Самолет снова падает и снова поднимается.
– Совсем впритык.
– В такую погоду переживать не о чем. Все равно все рейсы задержат. – Она широко улыбается. – Так ты подумала о том, что мы обсуждали?
Обычно я всеми силами избегаю самолетной болтовни. Но не успели мы взлететь, как Харпер показала на серебряный браслет, который папа подарил мне два года назад на Рождество. Она с одного взгляда узнала ювелира, и мы разговорились про обработку металлов. Потом разговор перешел на современное искусство, потом на живопись. И тут уж меня было не остановить.
– Мне кажется, я задремала где-то над Оклахомой, – говорю я.
Она смеется.
– Надеюсь, эта метель убедит тебя перевестись в Калифорнию.
– Перевестись?
– Ну да. Может, раньше тебе бы и не хватило среднего балла, но теперь ты учишься на одни пятерки. И талант есть. Я видела твои работы.
– Ну, на телефоне.
– Мне хватило. В твоих картинах есть сила; такое нечасто бывает.

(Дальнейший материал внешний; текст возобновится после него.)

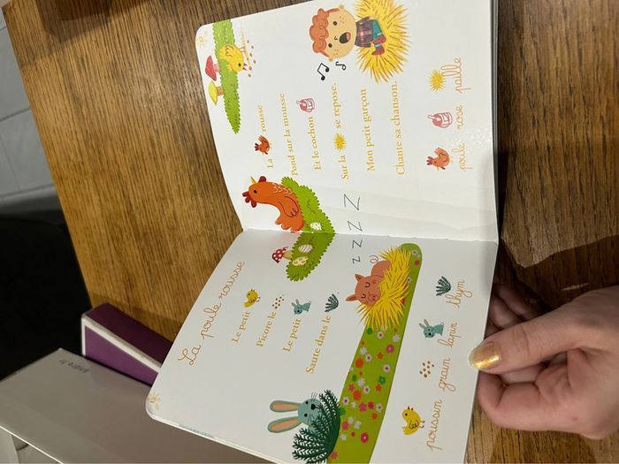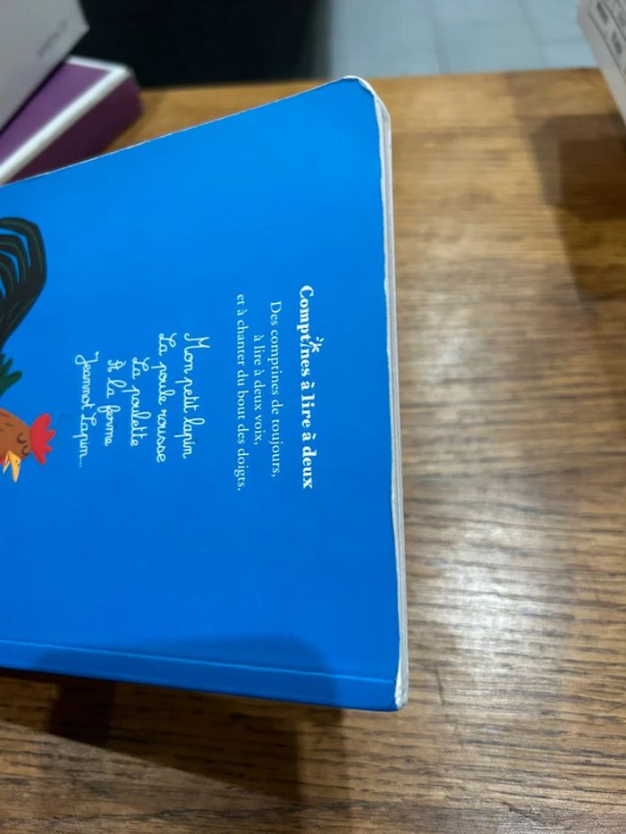Des traces d’usures sur le contour sinon nickel Les comptines se présentent sous forme de phrases avec des dessins sur certains mot Super pour les moments à deux mais aussi pour l’apprentissage des mots des gestes selon si vous décider de les mimer ou pas
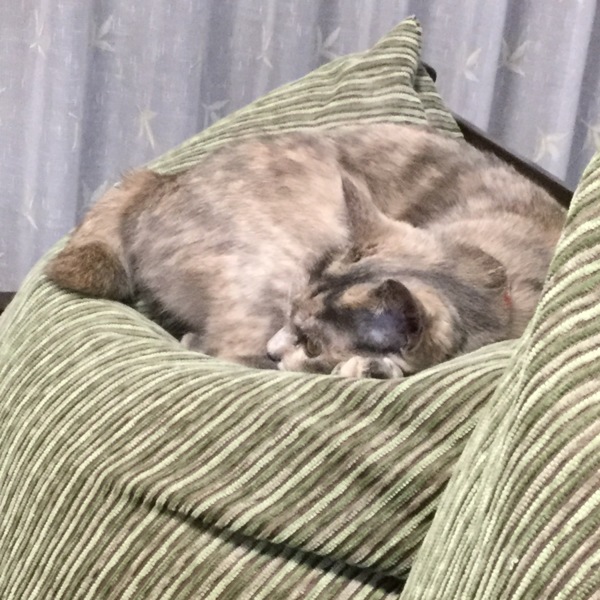ある程度、なめたら寿一顔のまま、お気に入りの窓辺が見えるソファーに(写真3)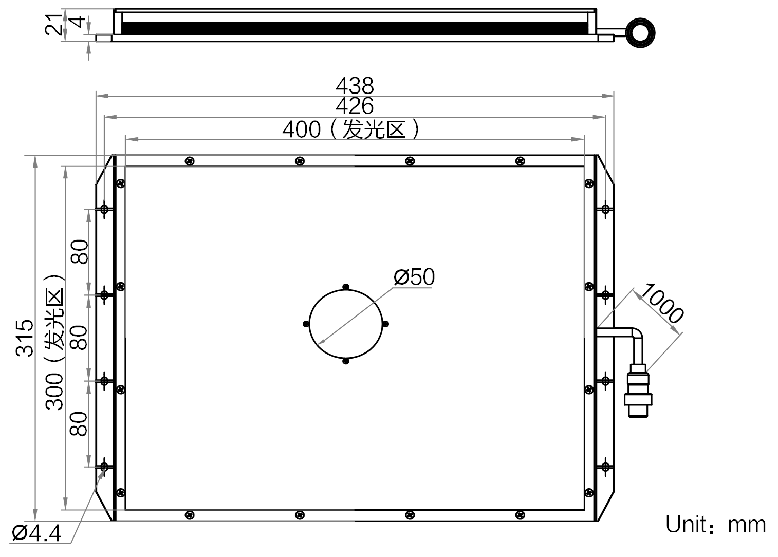 | 发光区尺寸 | 400 mm × 300 mm | |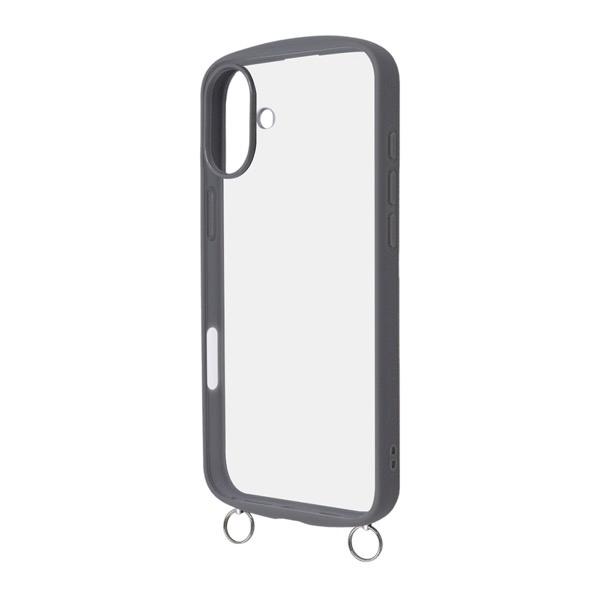 Ray Out レイアウト iPhone 16 Plus Like standard Puffull 耐衝撃 バンパー ストラップ金具付き ハイブリッドケース グレー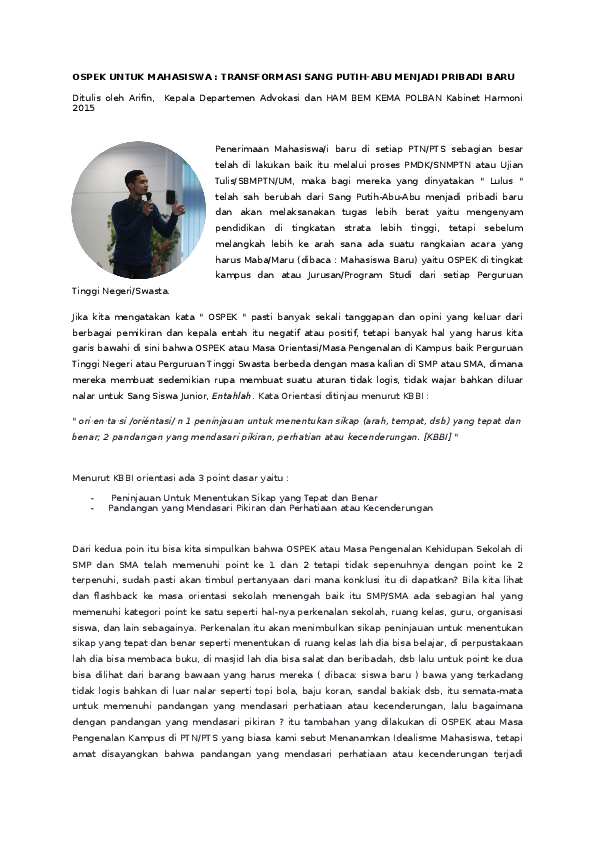 DOC) OSPEK UNTUK MAHASISWA : TRANFORMASI SANG PUTIH-ABU MENJADI …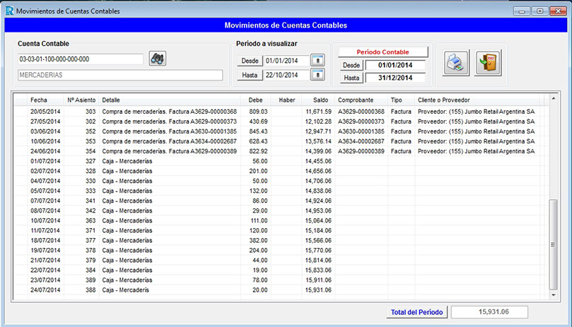 Contabilidad. Movimientos de cuentas contables.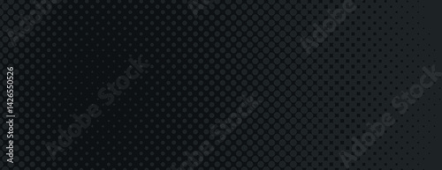 Dark black background with halftone dotted texture. Black background, halftone gradient effect with varying dot sizes. Minimal halftone black abstract vector background wallpaper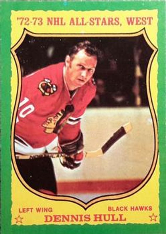 The Dennis Hull 1973 O-Pee-Chee #171 Base card is 1 of 2 Dennis Hull's card variations in the 1973 O-Pee-Chee set being tracked by Sports Card Investor, including Light Back.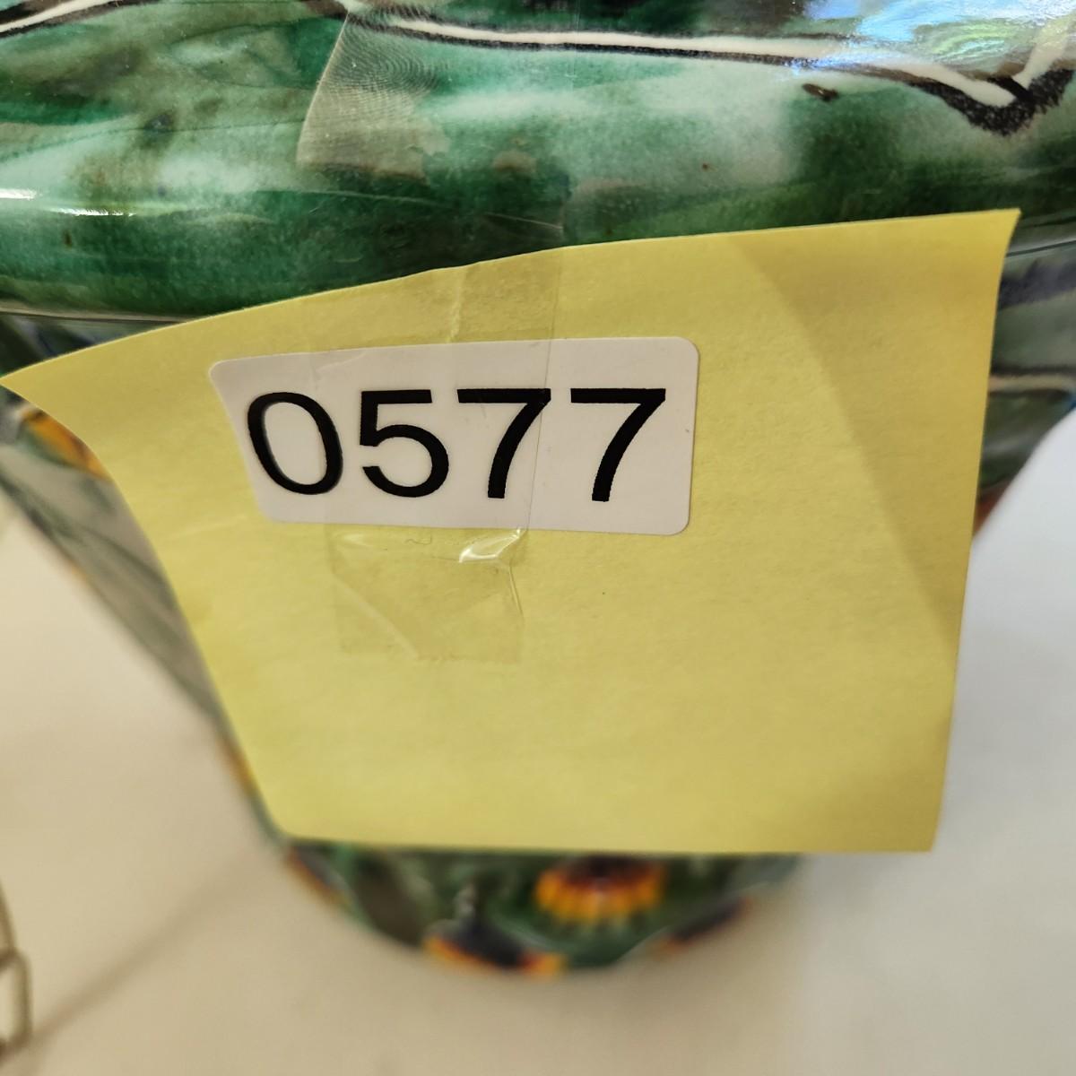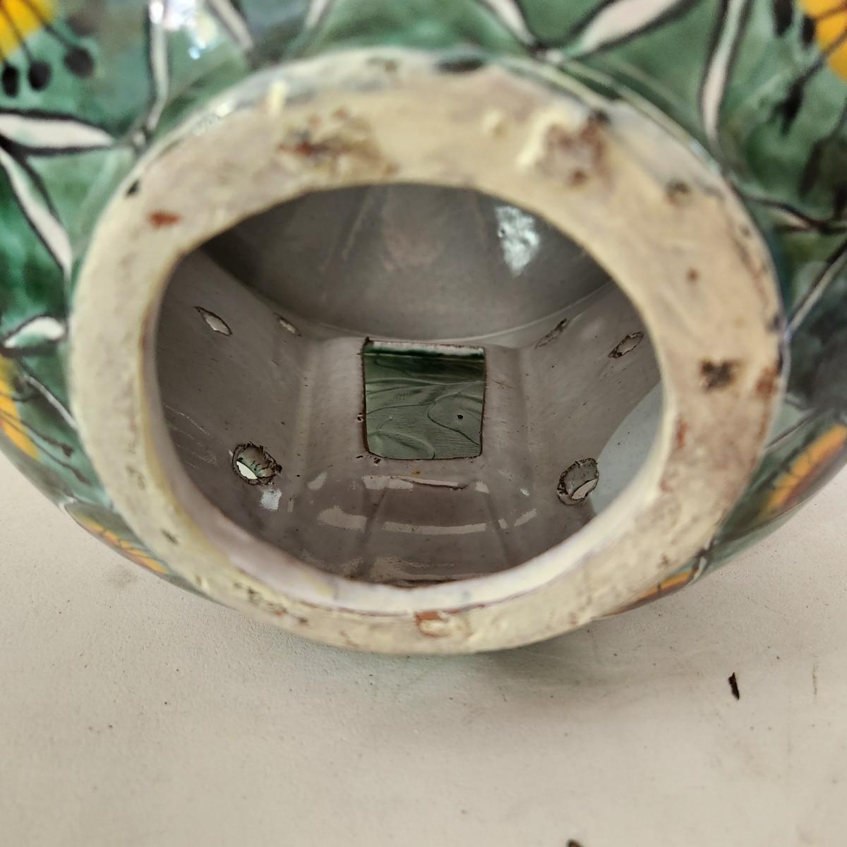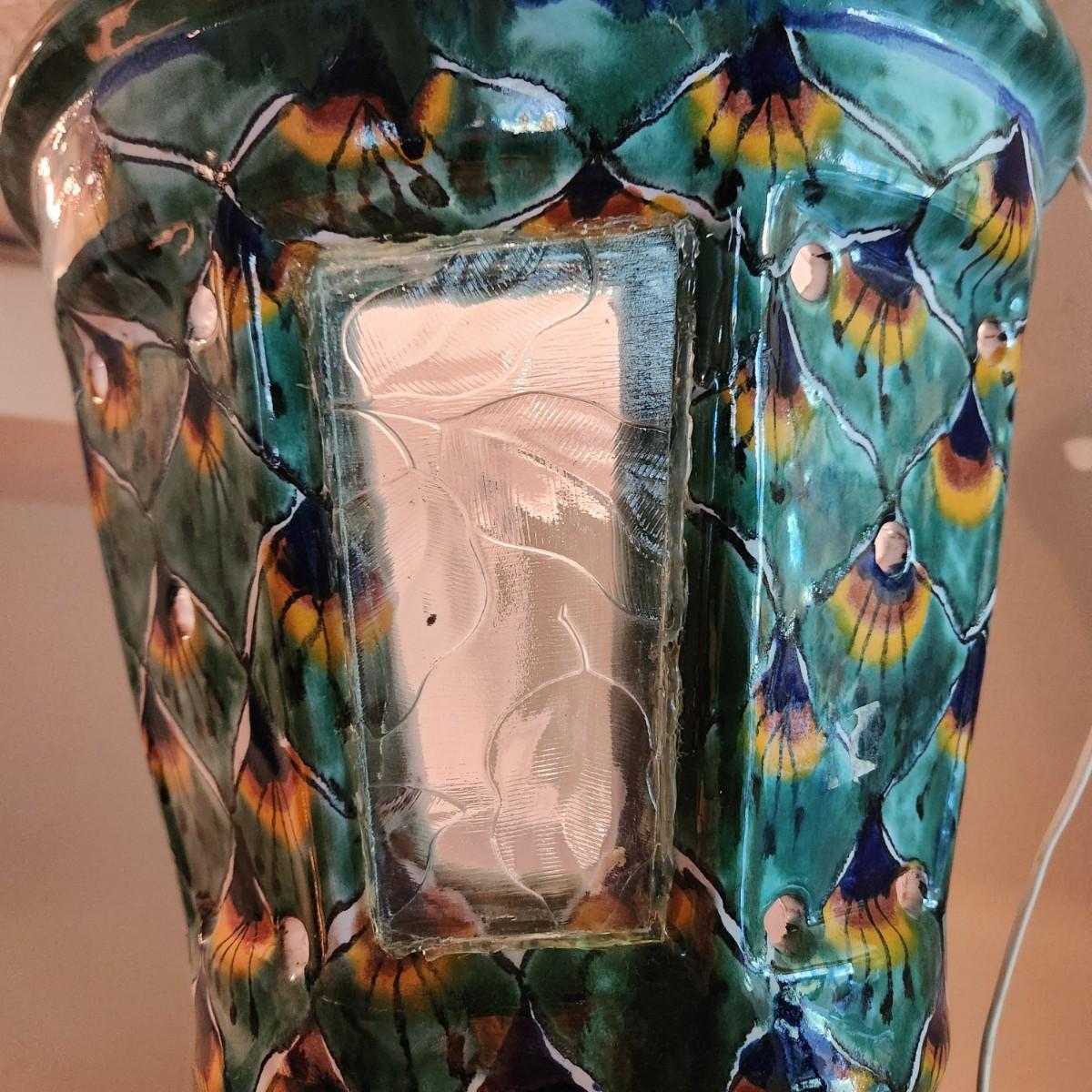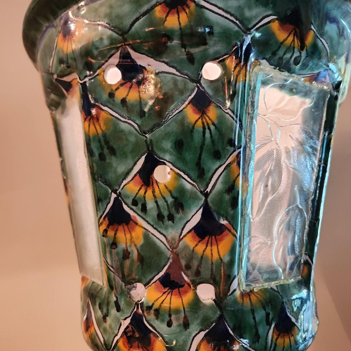 Vintage Hand Painted Ceramic & Glass Hanging Lamp

Фиби говорила мне что-то похожее. Что я умею так работать с цветом, что зритель сразу может разглядеть самое важное в моих картинах. Так она убедила меня взять у нее денег и отучиться семестр в страшно дорогом и ужасно престижном университете на другом конце страны. Меня взяли на третий курс, но я вернулась домой сразу, как узнала о болезни Фиби. Возвращаться я не собиралась, особенно теперь, когда за последний курс мне пришлось бы заплатить огромную сумму.
Фиби и слушать об этом не хотела. В один из наших последних разговоров она попыталась убедить меня, чтобы я переехала с концами. Тетя вложила мне в ладонь чек и крепко сжала запястье тонкими пальцами. Она говорила, как ей хочется, чтобы я вернулась и осталась учиться до самого выпуска.